* **Your objective**
Up to and including the line that contains "Cover them immediately", write out every line of the entries exactly, beginning with the first. Omit the pictures.

____ Listed entries

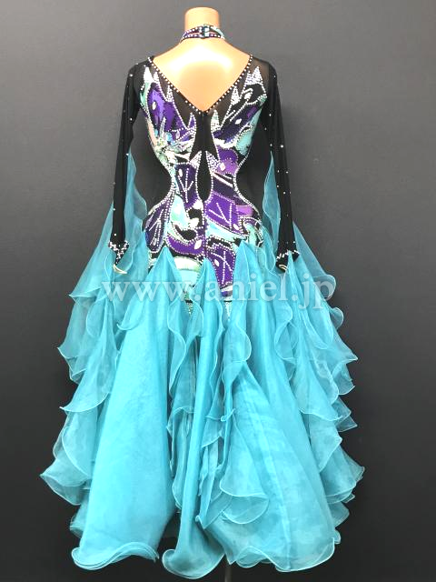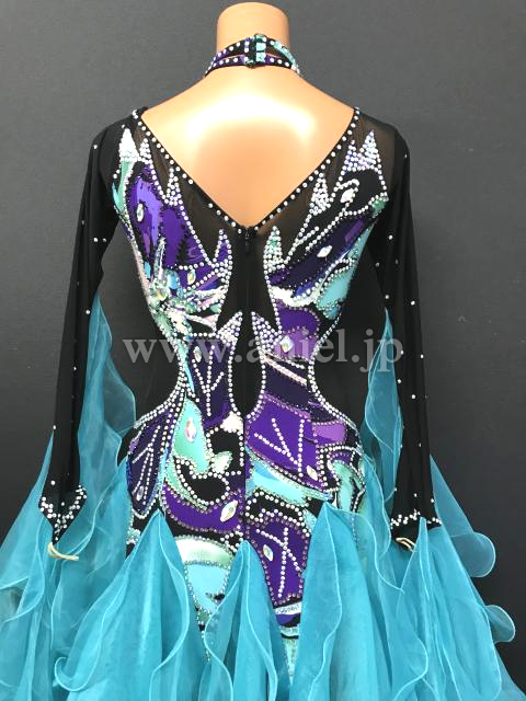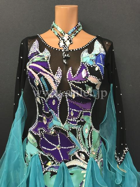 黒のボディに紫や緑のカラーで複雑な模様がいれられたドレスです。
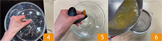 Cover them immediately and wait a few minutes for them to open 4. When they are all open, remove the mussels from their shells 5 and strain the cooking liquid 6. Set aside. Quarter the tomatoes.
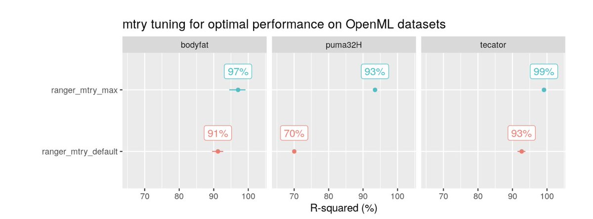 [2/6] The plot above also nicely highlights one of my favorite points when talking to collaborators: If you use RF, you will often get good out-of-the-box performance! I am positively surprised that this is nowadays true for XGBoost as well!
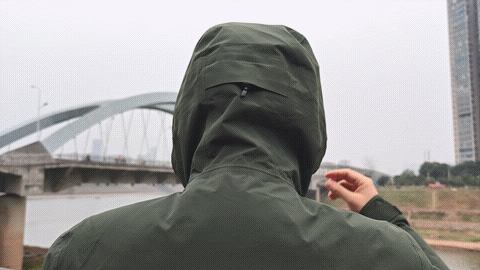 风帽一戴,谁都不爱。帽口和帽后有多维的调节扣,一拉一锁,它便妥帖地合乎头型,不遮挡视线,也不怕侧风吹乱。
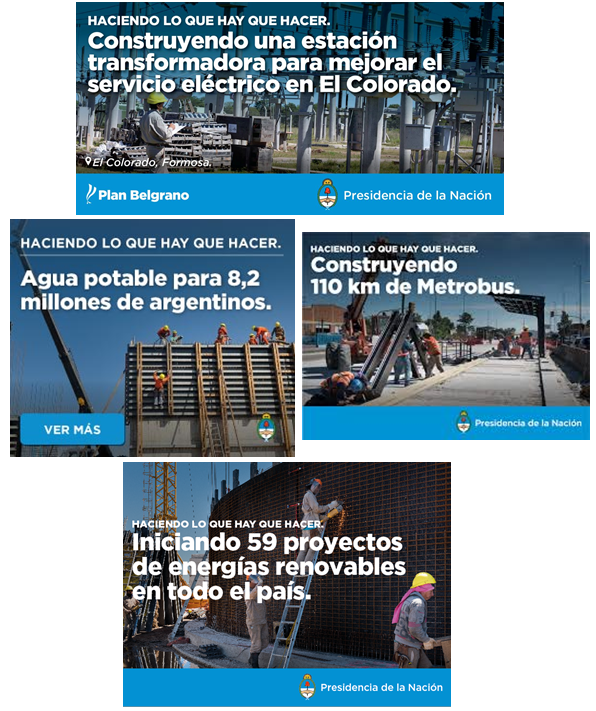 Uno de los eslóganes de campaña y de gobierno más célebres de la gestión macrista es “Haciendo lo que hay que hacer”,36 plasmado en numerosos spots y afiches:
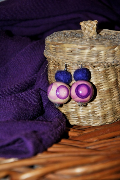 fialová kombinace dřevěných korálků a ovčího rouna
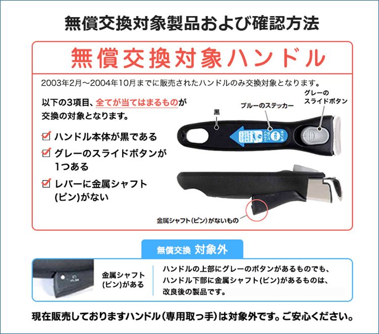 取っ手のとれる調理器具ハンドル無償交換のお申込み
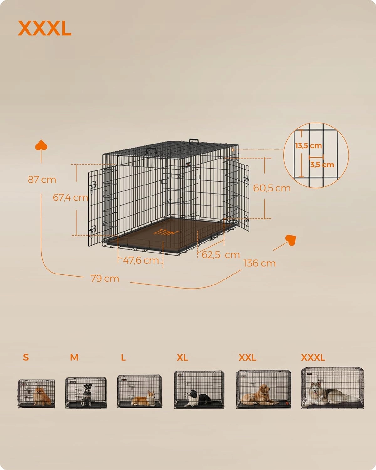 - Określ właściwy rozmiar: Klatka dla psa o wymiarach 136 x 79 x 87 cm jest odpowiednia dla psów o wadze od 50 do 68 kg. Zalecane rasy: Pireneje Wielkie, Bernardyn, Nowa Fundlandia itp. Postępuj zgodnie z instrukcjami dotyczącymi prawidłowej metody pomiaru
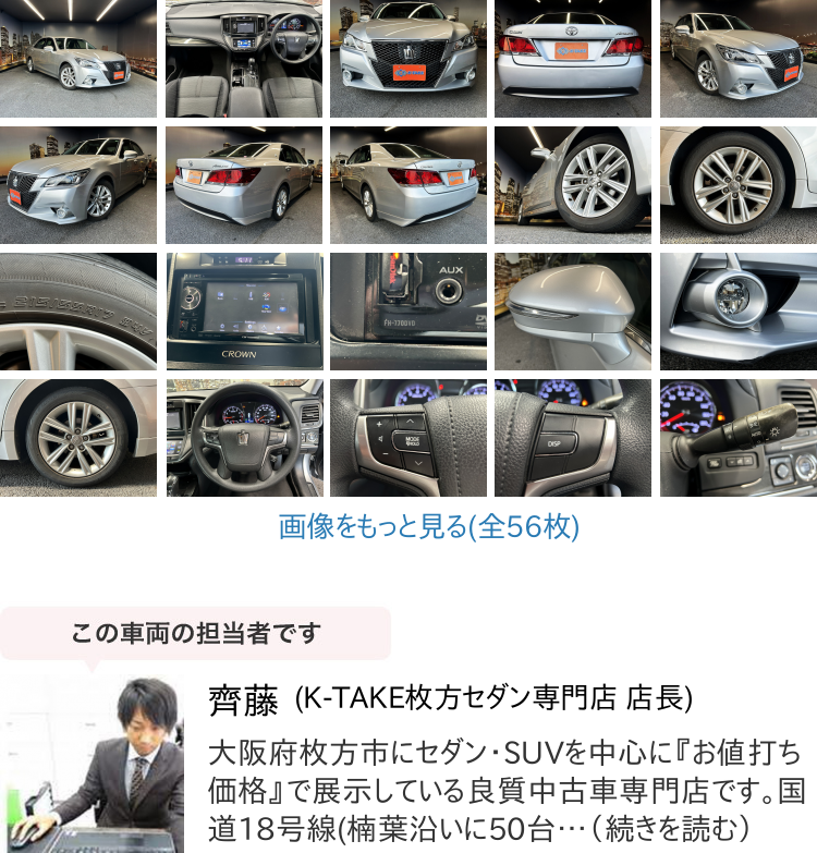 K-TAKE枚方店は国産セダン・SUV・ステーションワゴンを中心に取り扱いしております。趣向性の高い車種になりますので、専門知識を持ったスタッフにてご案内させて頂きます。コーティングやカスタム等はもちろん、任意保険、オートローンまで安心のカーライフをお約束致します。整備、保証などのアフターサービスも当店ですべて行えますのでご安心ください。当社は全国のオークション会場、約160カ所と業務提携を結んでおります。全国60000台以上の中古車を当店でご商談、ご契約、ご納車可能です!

________

* **Finished exercise**
 黒のボディに紫や緑のカラーで複雑な模様がいれられたドレスです。
 Cover them immediately and wait a few minutes for them to open 4. When they are all open, remove the mussels from their shells 5 and strain the cooking liquid 6. Set aside. Quarter the tomatoes.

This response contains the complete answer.